To overcome these issues, the authors propose a novel scheme based on binary cross‑parity‑check convolutional codes, denoted CP(n,k). In this framework each column of an infinite‑length sequence (represented as a formal Laurent series) corresponds to the workload assigned to a worker node. The code is defined by a set of geometric constraints (Equation 1) that enforce the sum of coefficients along lines of a given slope to be zero. These constraints are captured by a parity‑check matrix Hₙ,ₖ(D), which has a Vandermonde structure in powers of the indeterminate D. Because any (n‑k)×(n‑k) sub‑matrix of Hₙ,ₖ(D) is invertible, the original data can be recovered from any n‑k surviving workers.

A key contribution is the construction of a systematic generator matrix Gₙ,ₖ(D) that is feed‑forward rather than recursive.

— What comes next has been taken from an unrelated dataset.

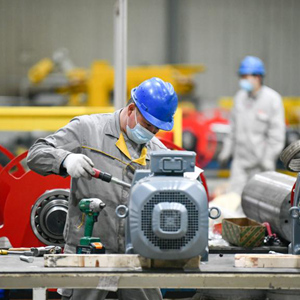 在中汽(天津)汽车装备有限公司车间,工人在进行零件集成作业(2月14日摄)。新华社发(孙凡越摄)

Theorem 1 proves that each entry of Gₙ,ₖ(D) is a finite polynomial with integer coefficients; for the practically important case of two stragglers (s = n‑k = 2) the coefficients belong to {‑1,0,1}, and for three stragglers they are bounded in magnitude by k. This property guarantees that the encoding operations consist only of additions and subtractions, preserving sparsity and requiring minimal storage.

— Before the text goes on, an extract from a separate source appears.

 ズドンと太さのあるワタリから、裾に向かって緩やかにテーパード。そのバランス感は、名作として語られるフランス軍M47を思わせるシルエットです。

The authors map the matrix‑vector product Ax onto the CP code as follows. The matrix A is partitioned row‑wise into Δ block‑rows (Δ is chosen to be a multiple of k). For each block‑row j they compute u_j = A_j x. They then form k polynomials ũ_i(D) = Σ_{ℓ=0}^{q‑1} u_{i q+ℓ} D^ℓ, where q = Δ/k. Stacking these polynomials into a vector U(D) and multiplying by Gₙ,ₖ(D) yields the set of encoded sub‑tasks assigned to the n workers. A storage constraint γ (the fraction of rows each worker can store) leads to a simple bound Δ ≥ (λ/γ − 1) k, where λ is the maximal exponent spread in any column of Gₙ,ₖ(D).

Decoding is performed by a peeling decoder that exploits the geometric constraints. At each iteration the decoder identifies a constraint line that contains exactly one unknown symbol, solves for it (which is just a subtraction), and proceeds iteratively. Lemma 1 quantifies how many symbols can be recovered from each straggler after each phase, showing that the process terminates after at most s − 1 phases. The decoder’s computational complexity is linear in the number of symbols and requires only elementary arithmetic, unlike RS decoding which involves solving dense linear systems.

Extensive simulations compare the proposed CP‑based scheme with RS‑based schemes for various (n,k) configurations, numbers of stragglers (s = 2,3), and matrix sparsity levels (up to 90 % zeros). Results demonstrate that CP achieves:

  • Lower latency – on average 30 %–50 % faster recovery because the master node performs only simple peeling steps.
  • Superior numerical stability – condition numbers close to 1, yielding 10⁴–10⁶ times smaller reconstruction error than RS.
  • Sparsity preservation – when A is sparse, the CP scheme’s computation time remains comparable to the dense case, whereas RS incurs a 2×–3× slowdown due to dense linear combinations.

In summary, the paper introduces a convolutional‑coding‑based framework for straggler mitigation that simultaneously offers low‑complexity decoding, excellent numerical robustness, and compatibility with sparse matrix‑vector products. Theoretical analysis (including proofs of feed‑forward generator structure and coefficient bounds) and empirical evaluation together establish the proposed method as a compelling alternative to Reed‑Solomon coding for distributed linear algebra workloads. Future work is suggested on dynamic job reallocation under varying straggler patterns and on real‑world cloud deployments.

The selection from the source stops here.